Work required -
Please report the number of lines in the entries below that contain "einen", with nothing added.

Data to process -

· · · · ·

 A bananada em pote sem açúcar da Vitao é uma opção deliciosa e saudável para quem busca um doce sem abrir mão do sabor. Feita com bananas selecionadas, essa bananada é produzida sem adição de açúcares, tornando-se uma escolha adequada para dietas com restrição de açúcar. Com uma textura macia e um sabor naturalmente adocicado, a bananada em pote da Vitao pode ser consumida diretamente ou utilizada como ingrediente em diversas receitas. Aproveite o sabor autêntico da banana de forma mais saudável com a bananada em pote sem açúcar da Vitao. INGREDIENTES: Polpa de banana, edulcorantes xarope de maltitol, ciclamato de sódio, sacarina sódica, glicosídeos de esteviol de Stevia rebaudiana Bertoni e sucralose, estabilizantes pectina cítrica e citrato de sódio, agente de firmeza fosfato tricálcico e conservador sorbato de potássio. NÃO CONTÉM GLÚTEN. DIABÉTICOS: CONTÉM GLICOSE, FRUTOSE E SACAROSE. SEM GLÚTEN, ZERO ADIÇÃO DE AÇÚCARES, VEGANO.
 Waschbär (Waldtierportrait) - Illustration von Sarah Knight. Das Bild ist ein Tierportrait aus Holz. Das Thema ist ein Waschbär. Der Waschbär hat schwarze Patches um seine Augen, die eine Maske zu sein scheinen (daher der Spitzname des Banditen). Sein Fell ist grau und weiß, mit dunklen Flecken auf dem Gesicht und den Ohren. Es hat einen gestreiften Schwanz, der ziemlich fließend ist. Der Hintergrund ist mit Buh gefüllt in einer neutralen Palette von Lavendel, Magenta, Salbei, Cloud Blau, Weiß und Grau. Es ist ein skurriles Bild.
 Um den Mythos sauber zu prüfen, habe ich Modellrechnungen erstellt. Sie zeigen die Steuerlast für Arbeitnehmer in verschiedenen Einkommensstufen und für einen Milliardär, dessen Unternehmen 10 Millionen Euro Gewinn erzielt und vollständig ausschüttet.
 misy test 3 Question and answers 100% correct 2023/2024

· · · · ·

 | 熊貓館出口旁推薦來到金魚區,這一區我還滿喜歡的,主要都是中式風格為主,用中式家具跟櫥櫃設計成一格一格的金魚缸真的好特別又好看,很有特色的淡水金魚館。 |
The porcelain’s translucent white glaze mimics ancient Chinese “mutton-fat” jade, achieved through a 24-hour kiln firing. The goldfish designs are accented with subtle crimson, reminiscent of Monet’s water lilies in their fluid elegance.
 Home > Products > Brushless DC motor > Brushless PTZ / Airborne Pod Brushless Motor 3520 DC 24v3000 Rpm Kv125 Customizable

· · · · ·

Solution -
2